• **ASSIGNMENT**
Each line below must be reproduced exactly, though the pictures are to be dropped.

• **DATA BLOCK**
== == ==

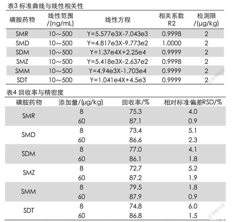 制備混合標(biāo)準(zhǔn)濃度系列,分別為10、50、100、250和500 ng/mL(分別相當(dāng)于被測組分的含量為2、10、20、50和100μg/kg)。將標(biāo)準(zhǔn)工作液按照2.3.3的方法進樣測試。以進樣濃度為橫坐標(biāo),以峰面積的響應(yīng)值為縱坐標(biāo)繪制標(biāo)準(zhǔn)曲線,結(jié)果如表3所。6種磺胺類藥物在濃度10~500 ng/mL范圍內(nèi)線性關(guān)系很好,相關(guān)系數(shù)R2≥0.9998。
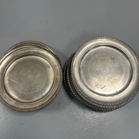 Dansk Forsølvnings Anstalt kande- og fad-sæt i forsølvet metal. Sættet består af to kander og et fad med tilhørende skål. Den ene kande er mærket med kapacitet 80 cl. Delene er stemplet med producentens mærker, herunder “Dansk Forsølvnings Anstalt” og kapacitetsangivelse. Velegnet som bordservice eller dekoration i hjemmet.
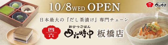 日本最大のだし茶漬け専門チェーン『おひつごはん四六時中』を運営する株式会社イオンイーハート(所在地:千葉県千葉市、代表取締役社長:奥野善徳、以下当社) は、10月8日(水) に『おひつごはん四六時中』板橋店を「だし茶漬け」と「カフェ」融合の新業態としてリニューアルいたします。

== == ==

• **ANSWER SECTION**
 制備混合標(biāo)準(zhǔn)濃度系列,分別為10、50、100、250和500 ng/mL(分別相當(dāng)于被測組分的含量為2、10、20、50和100μg/kg)。將標(biāo)準(zhǔn)工作液按照2.3.3的方法進樣測試。以進樣濃度為橫坐標(biāo),以峰面積的響應(yīng)值為縱坐標(biāo)繪制標(biāo)準(zhǔn)曲線,結(jié)果如表3所。6種磺胺類藥物在濃度10~500 ng/mL范圍內(nèi)線性關(guān)系很好,相關(guān)系數(shù)R2≥0.9998。
 Dansk Forsølvnings Anstalt kande- og fad-sæt i forsølvet metal. Sættet består af to kander og et fad med tilhørende skål. Den ene kande er mærket med kapacitet 80 cl. Delene er stemplet med producentens mærker, herunder “Dansk Forsølvnings Anstalt” og kapacitetsangivelse. Velegnet som bordservice eller dekoration i hjemmet.
 日本最大のだし茶漬け専門チェーン『おひつごはん四六時中』を運営する株式会社イオンイーハート(所在地:千葉県千葉市、代表取締役社長:奥野善徳、以下当社) は、10月8日(水) に『おひつごはん四六時中』板橋店を「だし茶漬け」と「カフェ」融合の新業態としてリニューアルいたします。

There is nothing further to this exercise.